Research on Complex 2D Radiation Field Reconstruction Based on Improved Convolutional Neural Network
摘要
Detailed radiation dose fields are essential for ensuring nuclear energy safety and protecting personnel inside and outside the station. Traditional forward modeling methods depend on accurate descriptions of radiation sources and extensive prior knowledge, which are often unavailable in complex or dynamic radiation scenarios, such as after nuclear accidents. Radiation field re-construction methods use monitoring data to infer source information and reconstruct field distributions, reducing reliance on prior knowledge and better adapting to complex environments. Most current approaches rely on 2D interpolation algorithms, including Kriging and radial basis functions.
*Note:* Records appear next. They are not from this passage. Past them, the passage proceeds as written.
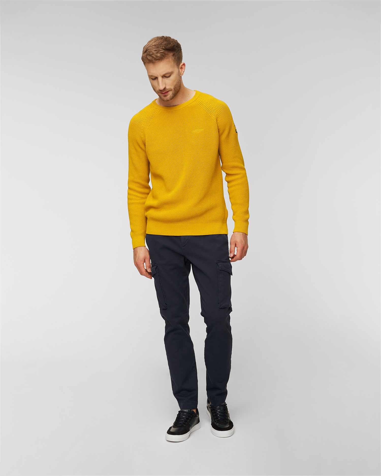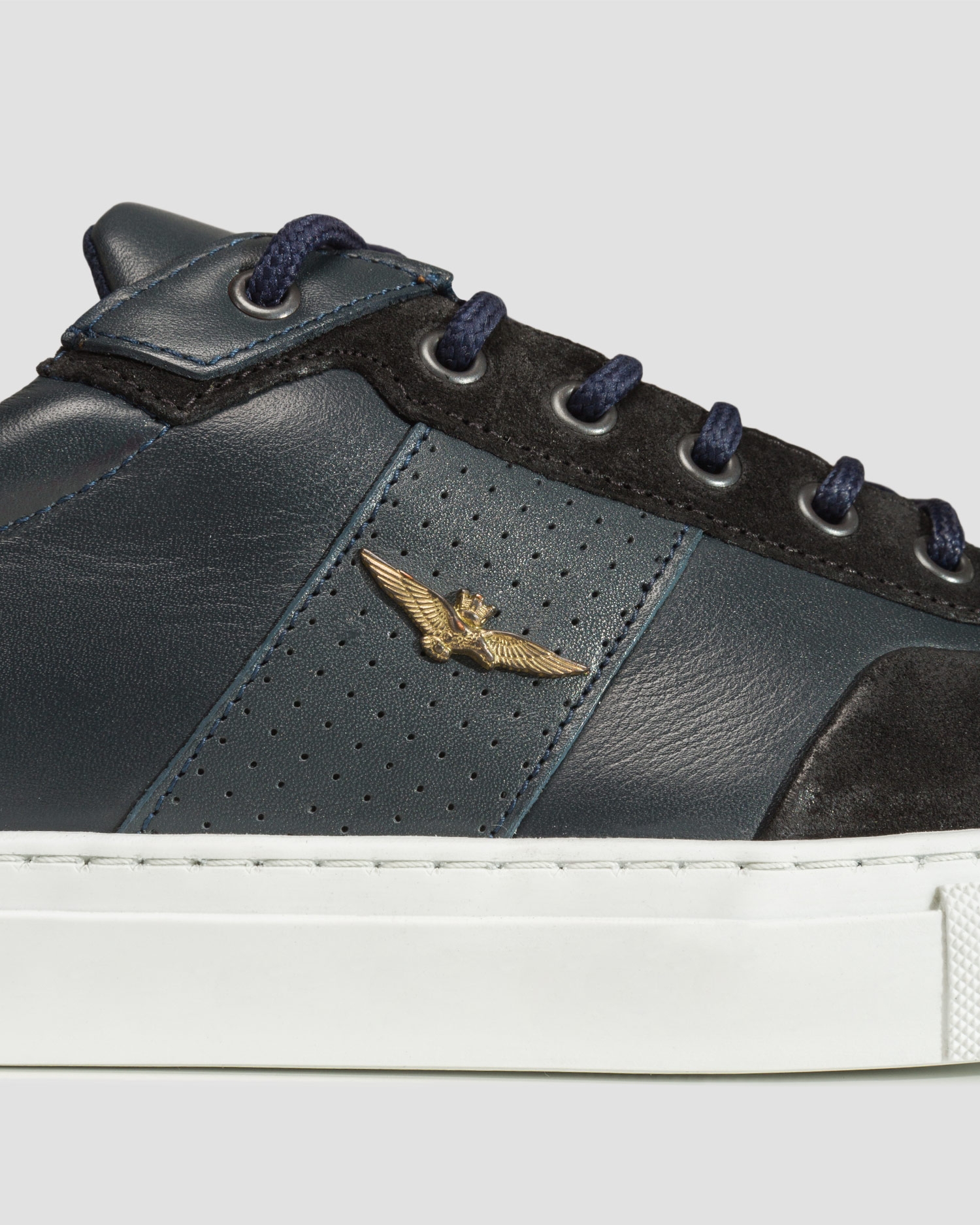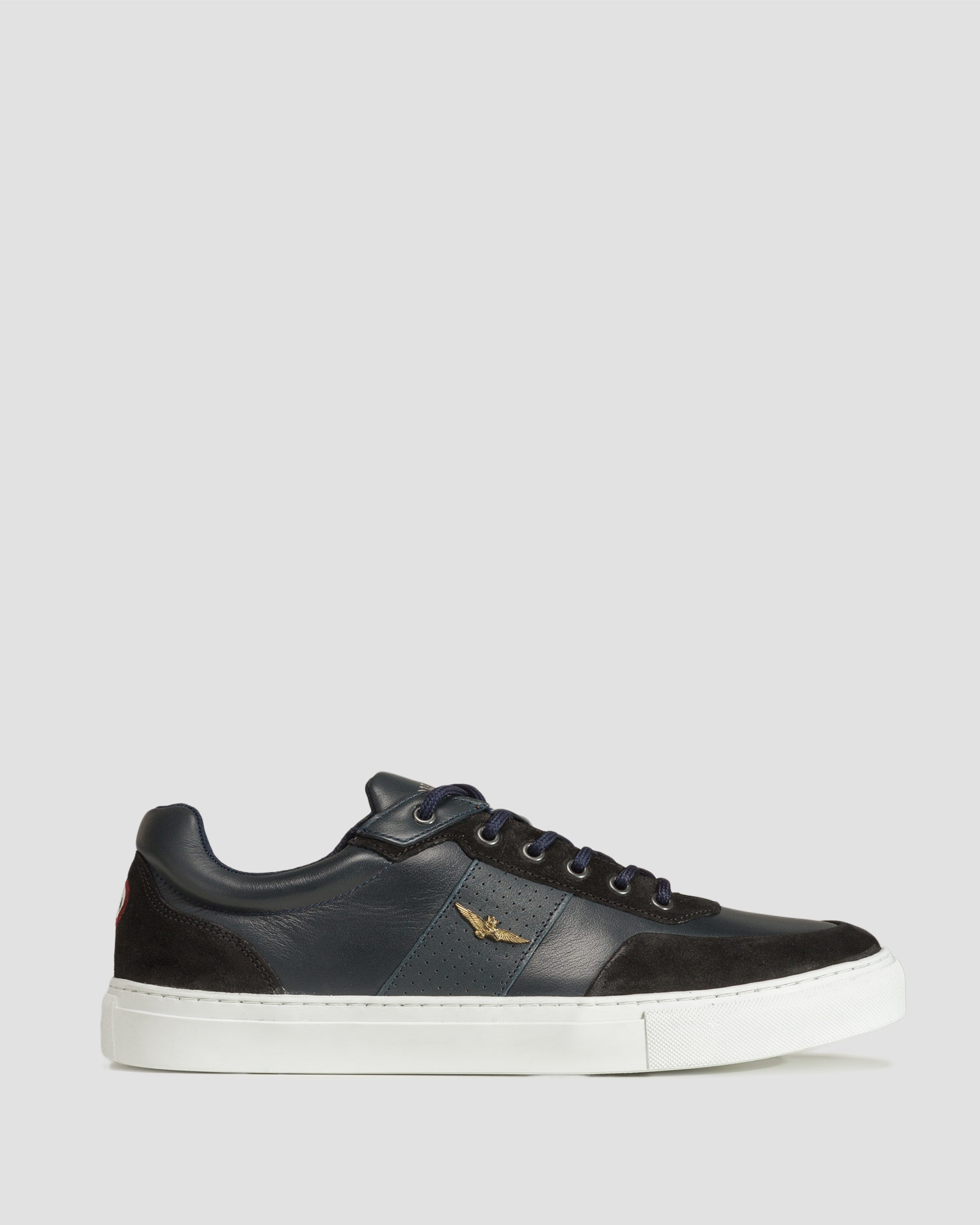 Men's Aeronautica Militare navy blue shoes. Timeless shoes that will complete your everyday city outfit. Sneakers with a low upper, made of natural cowhide leather, which is further enhanced with stylish inserts with small eyelets. They catch the eye with decorative branded details that add a military touch. Shoes with a rubber sole, equipped with an insole made of foam that remembers the shape of the foot, so they fit properly, providing comfort and convenience during daily use.
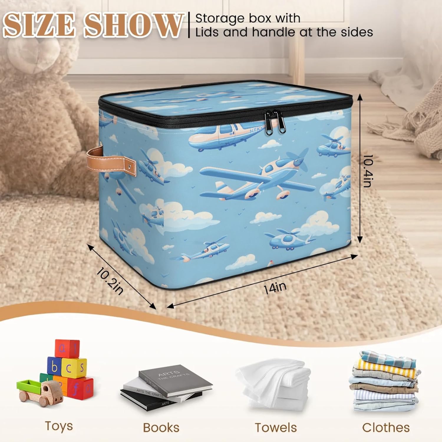 Stay Organized with Our Premium Fabric Storage Bin! Keep your home, closet, or office clutter-free with our large fabric storage bin with a double-zippered lid. Made from high-density 100% polyester (2mm thick), this storage box is both lightweight and durable, ensuring long-term use without wear and tear. The reinforced leather handles make it easy to carry, while the built-in wire frame keeps its shape whether full or empty. Why Choose Our Storage Bin? ✔ Space-Saving Foldable Design – Collapses flat when not in use, perfect for small spaces. ✔ Easy-Access Double Zipper Lid – Quickly store and retrieve items without hassle. ✔ Multi-Purpose Organizer – Ideal for clothes, toys, blankets, toiletries, pet supplies, and more. ✔ Perfect for Any Room – Fits seamlessly in kitchens, bathrooms, nurseries, dorms, RVs, and cars. ✔ Simple Maintenance – Hand wash or spot clean for easy care.
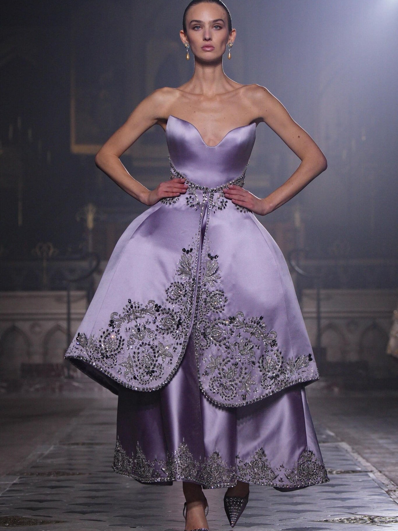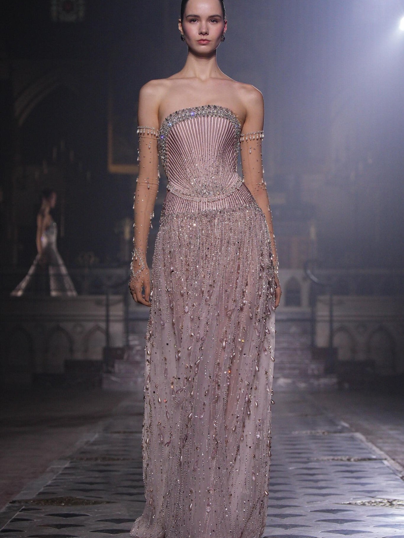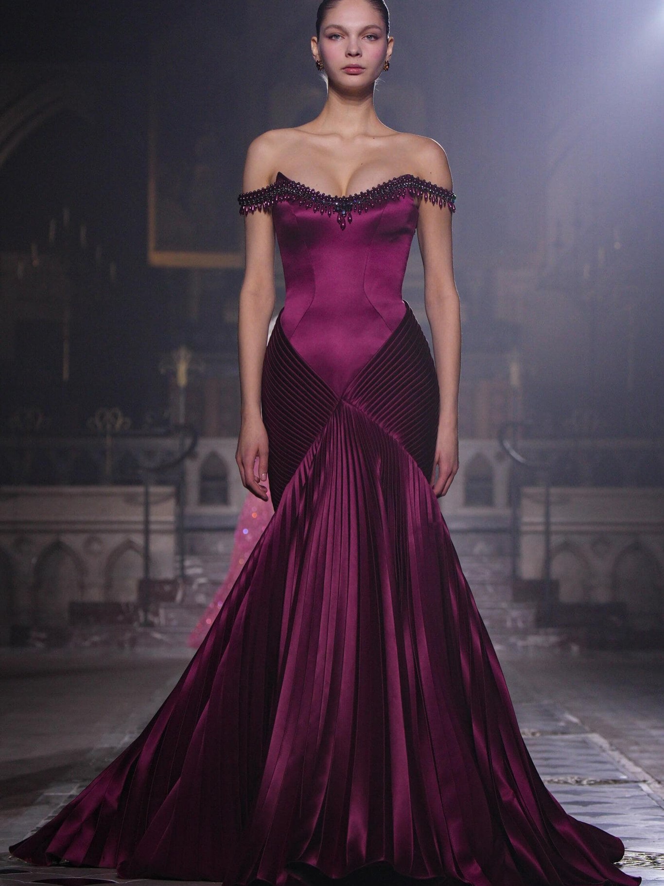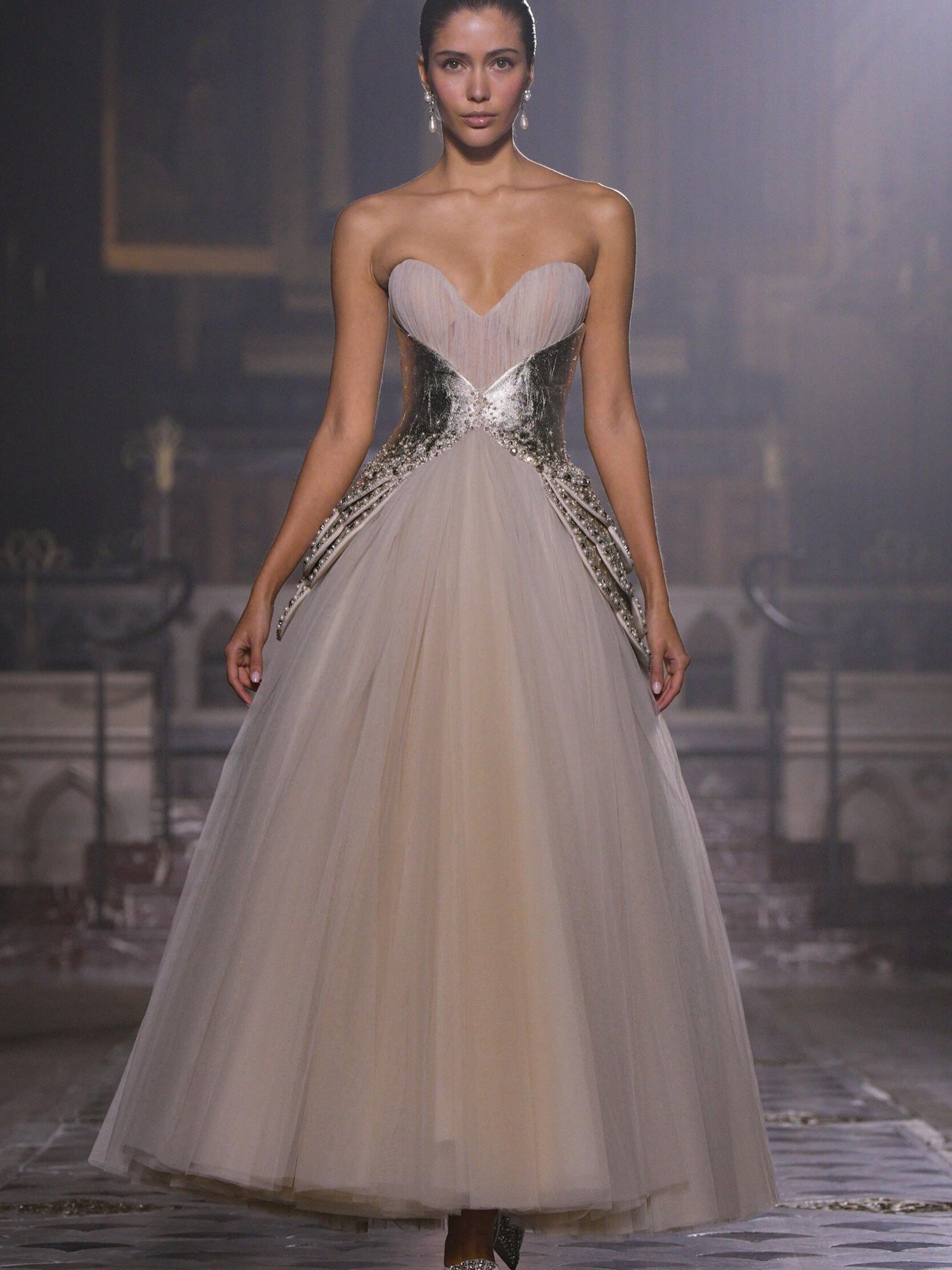 كما تميزت المجموعة باستخدام التول، الأورغانزا، والساتان، مع تطريزات دقيقة تلتقط الضوء، فتضيف بريقًا خفيفًا لكل حركة من حركة العارضات، ما جعل العرض يبدو كقصيدة مرئية للحب والأناقة، مع لمسة هندسية دقيقة تُبرز جمال الجسد وأنوثته.
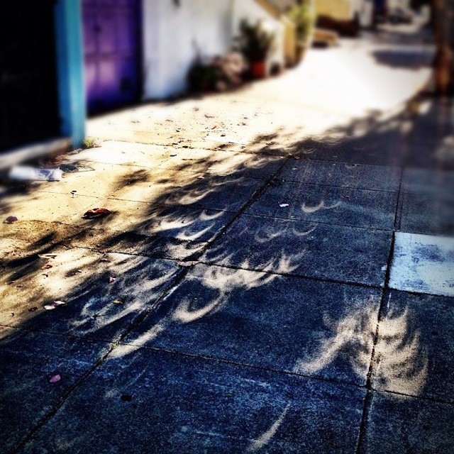 Of course, you didn’t have to be on Bernal Hill to enjoy the show. Here’s a great shot of some wacky eclipse-mutated shadows, taken by Neighbor Isaac:
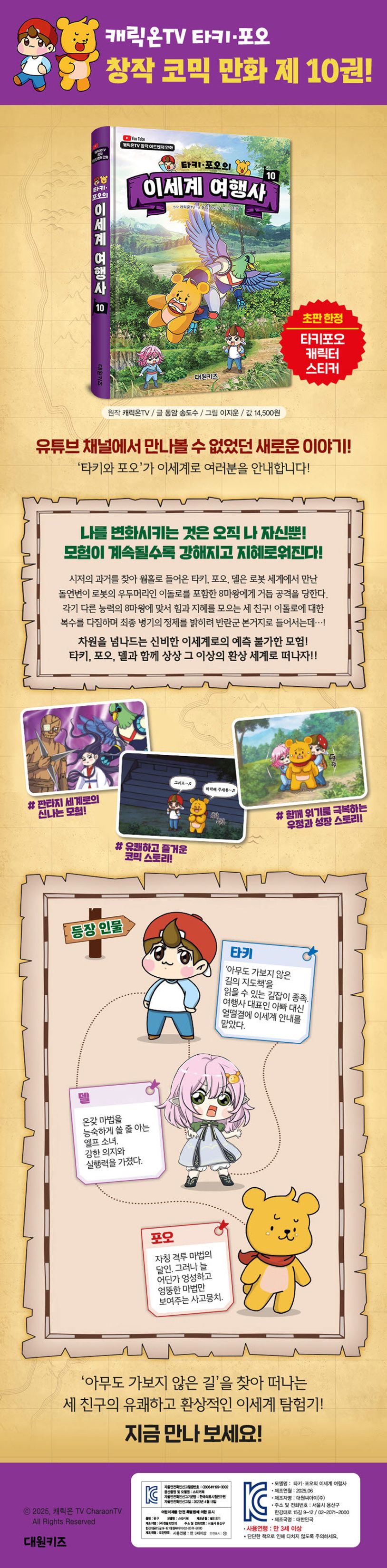 247만 구독자, 대한민국 최고의 유튜버 캐릭온TV의 ’타키와 포오‘가 이세계 여행사를 차리고 여러분을 기다립니다! 유튜브 채널에서 만나볼 수 없었던 새로운 이야기를 책으로 만나 보세요! 검증된 베스트셀러 작가를 통해 재탄생한 타키와 포오의 기상천외한 모험 이야기! 책을 읽는 사이 나도 몰랐던 탐험심, 도전 정신 UP! 서로를 돕고 이끄는 진~한 우정에 감동! 보너스로 상상력과 창의력도 업그레이드 됩니다. 독자가 인정하고 판매로 증명된 책을 직접 만나보세요!

While these methods are fast and effective, they require high-quality sample data and perform poorly in complex scenarios. Neural network-based methods, particularly convolutional neural networks (CNNs), have gained attention for their superior data fitting and predictive capabilities. However, existing methods often rely on simple network structures, limiting their ability to handle complex radiation fields. To address this, this study proposes an improved CNN framework for reconstructing complex 2D radiation fields. Results demonstrate a 1000-fold interpolation reconstruction with over 90% of test samples achieving an average relative error below 10%, and most regions exhibiting measurement point errors below 5%. This approach provides a robust solution for high-precision reconstruction in challenging scenarios.